The U.S. Securities and Exchange Commission has adopted regulations which generally define “penny stock” to be any equity security that has a market price (as defined) less than $5.00 per share or an exercise price of less than $5.00 per share, subject to certain exceptions. Our securities are covered by the penny stock rules, which impose additional sales practice requirements on broker-dealers who sell to persons other than established customers and “accredited investors.” The term “accredited investor” refers generally to institutions with assets in excess of $5,000,000 or individuals with a net worth in excess of $1,000,000 or annual income exceeding $200,000 or $300,000 jointly with their spouse. The penny stock rules require a broker-dealer, prior to a transaction in a penny stock not otherwise exempt from the rules, to deliver a standardized risk disclosure document in a form prepared by the SEC which provides information about penny stocks and the nature and level of risks in the penny stock market. The broker-dealer also must provide the customer with current bid and offer quotations for the penny stock, the compensation of the broker-dealer and its salesperson in the transaction and monthly account statements showing the market value of each penny stock held in the customer’s account. The bid and offer quotations, and the broker-dealer and salesperson compensation information, must be given to the customer orally or in writing prior to effecting the transaction and must be given to the customer in writing before or with the customer’s confirmation. In addition, the penny stock rules require that prior to a transaction in a penny stock not otherwise exempt from these rules, the broker-dealer must make a special written determination that the penny stock is a suitable investment for the purchaser and receive the purchaser’s written agreement to the transaction. These disclosure requirements may have the effect of reducing the level of trading activity in the secondary market for the stock that is subject to these penny stock rules. Consequently, these penny stock rules may affect the ability of broker-dealers to trade our securities. We believe that the penny stock rules discourage investor interest in and limit the marketability of, our common stock.

FINRA sales practice requirements may also limit a stockholder’s ability to buy and sell our stock.

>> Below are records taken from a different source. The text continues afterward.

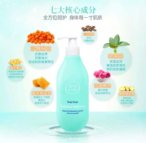 棘萃恒润沐浴露,富含沙棘籽油、山茶油、蜂蜜提取物、玫瑰精油、红没药醇、姜根提取物等多重成分,具有滋养、保湿、抗菌消炎等多重功效。
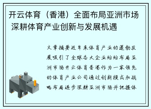 本文旨在分析3377体育平台在中国大陆市场的崛起过程、发展潜力以及未来趋势。文章从多个角度阐述3377体育平台如何在竞争激烈的体育娱乐平台中占据一席之地,探讨其在技术创新、用户需求、市场策略以及行业环境等方面的优势和潜力。通过对这些关键因素的深入剖析,文章还将展望该平台在未来几年内的发展趋势。本文将详细分为四个部分,分别分析3377体育平台在大陆市场的崛起原因、竞争优势、面临的挑战和未来发展机遇,为读者呈现一个全面的行业视角。
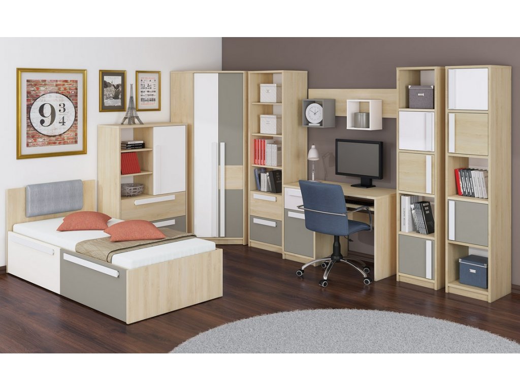 Sestava do dětského pokoje v moderním provedení. Korpus je vyroben z kvalitní desky LTD hraněné ABS páskou v barvě buk fjord, dvířka jsou vyrobeny z desky LTD v kombinaci barev...
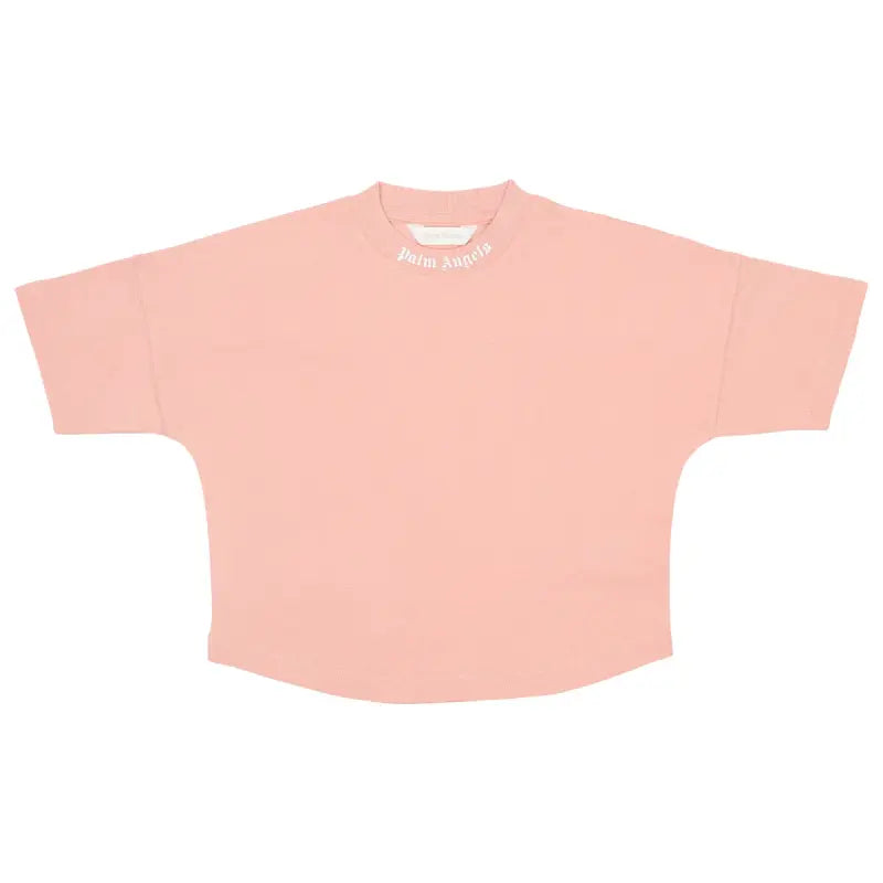 A light pink T-shirt, Palm Angels. Made in the softest cotton jersey, this laid-back, short-sleeved tee has a slouchy fit and cool dropped shoulders. Offering a skate luxe vibe, the signature Palm Angels logo is printed on the crew neck, with a raised motif on the back.
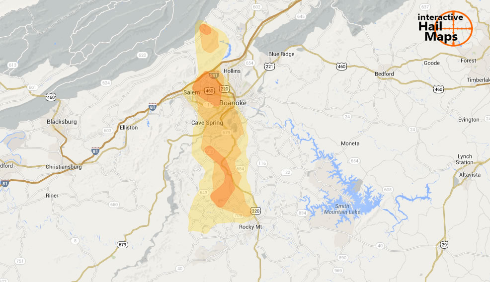 This is the hail map for the hail storm that hit in and around Roanoke, VA on August 1, 2012. The largest and most intense hail fell on the west side of the city. Use Interactive Hail Maps to find hail storms nationwide.
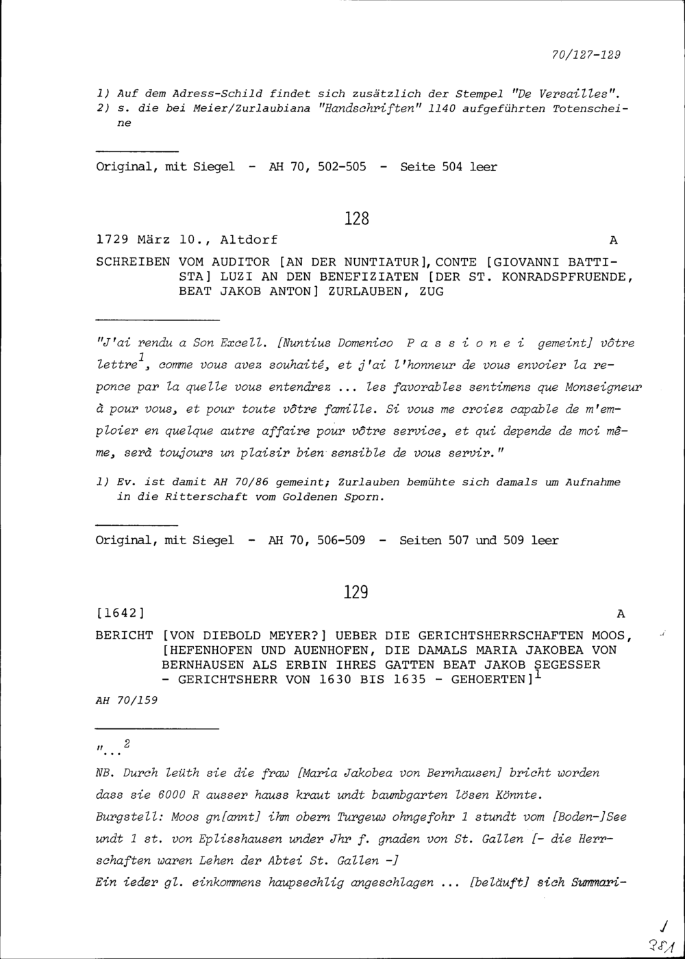 Bericht von Diebold Meyer über die Gerichtsherrschaften Moos, Hefenhofen und Auenhofen die damals Maria Jakobea von Bernhausen als Erbin von Beat Jakob Segesser, ihrem Gatten gehörten
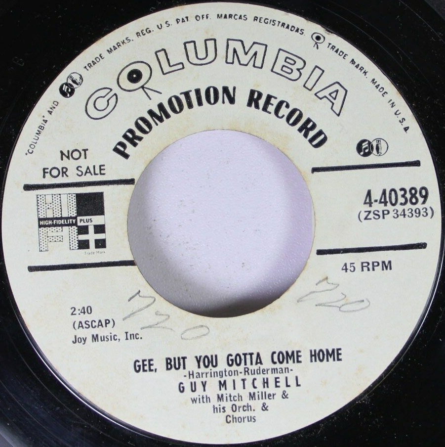 12 54....4-40389....GUY MITCHELL with Mitch Miller & his Orch. & Chorus..I Met The Cutest Little Eyeful (At The Eiffel Tower) (ZSP 34392)/Gee, But You Gotta Come Home (ZSP 34393)
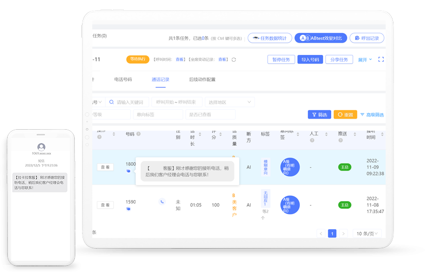 通过AI外呼及挂机短信相结合,提升销售与客户联系时的接通率与成交转化率
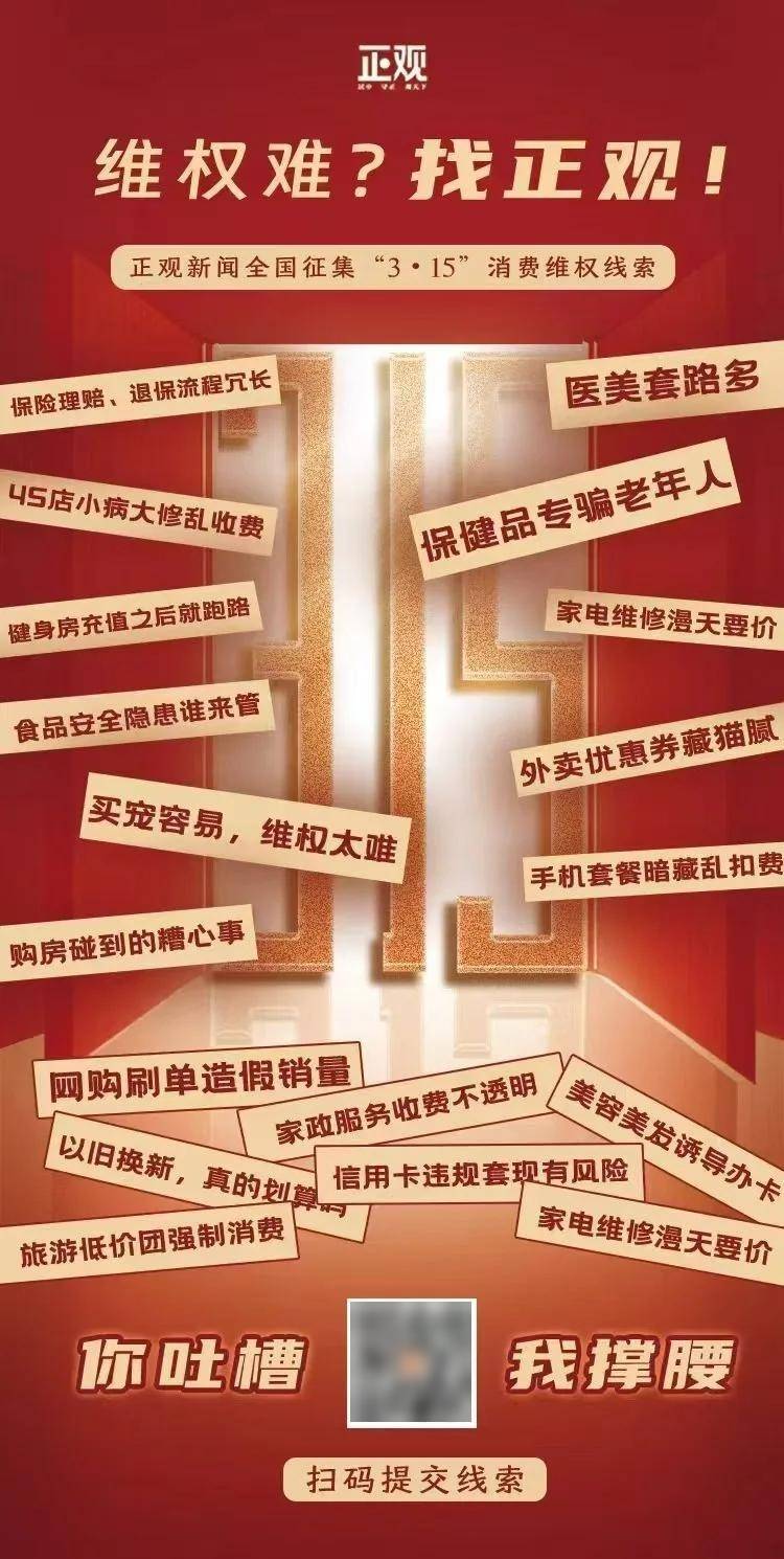 2026年3·15国际消费者权益日来临之际,正观新闻面向全国征集消费维权线索,聚焦消费领域各类乱象, 深挖侵权问题根源,助力打造安全、放心、舒心的消费环境,让消费者敢消费、愿消费、乐消费。 在"激发消费活力"成为全社会共识、消费高质量发展成为时代主旋律的今天,一个透明、诚信、法治、健 康的消费环境,是让每一位消费者敢消费、愿消费、放心消费、乐享高品质消费的根本基石。 如果您曾买到假冒伪劣产品维权无门; 如果您曾被虚假宣传误导、蒙受财产损失; 如果您曾遭遇价格欺诈、霸王条款、售后推诿; 如果您正被各类消费套路层层困扰、有苦无处诉—— 现在,您的困扰,我们倾听;您的权益,我们守护! 线索征集方式: 扫描海报上的二维码,直接跳转至线索提交页面。 清晰完整的消费经过描述、相关证据(合同、票据、支付记录、聊天截图、照片、视频、录音等)及您的 联系电话。 我们郑重承诺: 对所有线索提供者的个人信息严格保密,全程保护您的隐私安全。 请尽可能提供: 在正观新闻,每天都是3·15。 我们坚持"居中、守正、观天下",不止于集中曝光,更致力于长效守护;不止于揭露乱象,更致力于推动 解决。 维权期间,我们将直击消费陷阱、深挖行业潜规 ...

In addition to the “penny stock” rules described above, FINRA has adopted rules that require that in recommending an investment to a customer, a broker-dealer must have reasonable grounds for believing that the investment is suitable for that customer. Prior to recommending speculative low priced securities to their non-institutional customers, broker-dealers must make reasonable efforts to obtain information about the customer’s financial status, tax status, investment objectives and other information. Under interpretations of these rules, FINRA believes that there is a high probability that speculative low priced securities will not be suitable for at least some customers. FINRA requirements make it more difficult for broker-dealers to recommend that their customers buy our common stock, which may limit your ability to buy and sell our stock and have an adverse effect on the market for our shares.

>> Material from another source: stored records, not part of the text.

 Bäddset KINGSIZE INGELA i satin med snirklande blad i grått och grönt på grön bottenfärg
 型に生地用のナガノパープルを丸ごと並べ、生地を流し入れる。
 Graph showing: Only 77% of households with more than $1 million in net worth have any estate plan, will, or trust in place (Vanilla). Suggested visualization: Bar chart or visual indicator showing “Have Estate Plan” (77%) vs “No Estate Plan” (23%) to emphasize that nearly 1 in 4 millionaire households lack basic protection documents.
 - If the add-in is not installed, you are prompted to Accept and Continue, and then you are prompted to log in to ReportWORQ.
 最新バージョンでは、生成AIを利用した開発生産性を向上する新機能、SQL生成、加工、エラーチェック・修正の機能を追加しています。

ITEM 3.  QUANTITATIVE AND QUALITATIVE DISCLOSURES ABOUT MARKET RISK

Not Applicable.

ITEM 4.  CONTROLS AND PROCEDURES.


Controls and Procedures


As of March 31, 2008, under the supervision and with the participation of our Chief Executive Officer and Principal Financial Officer, management has evaluated the effectiveness of the design and operation of our disclosure controls and procedures. Based on that evaluation, the Chief Executive Officer and Principal Financial Officer concluded that our disclosure controls and procedures were effective.

 

Changes in Internal Control Over Financial Reporting


There were no changes in our internal controls over financial reporting during the quarter ended March 31, 2008 that materially affected, or are reasonably likely to materially affect, our internal controls over financial reporting.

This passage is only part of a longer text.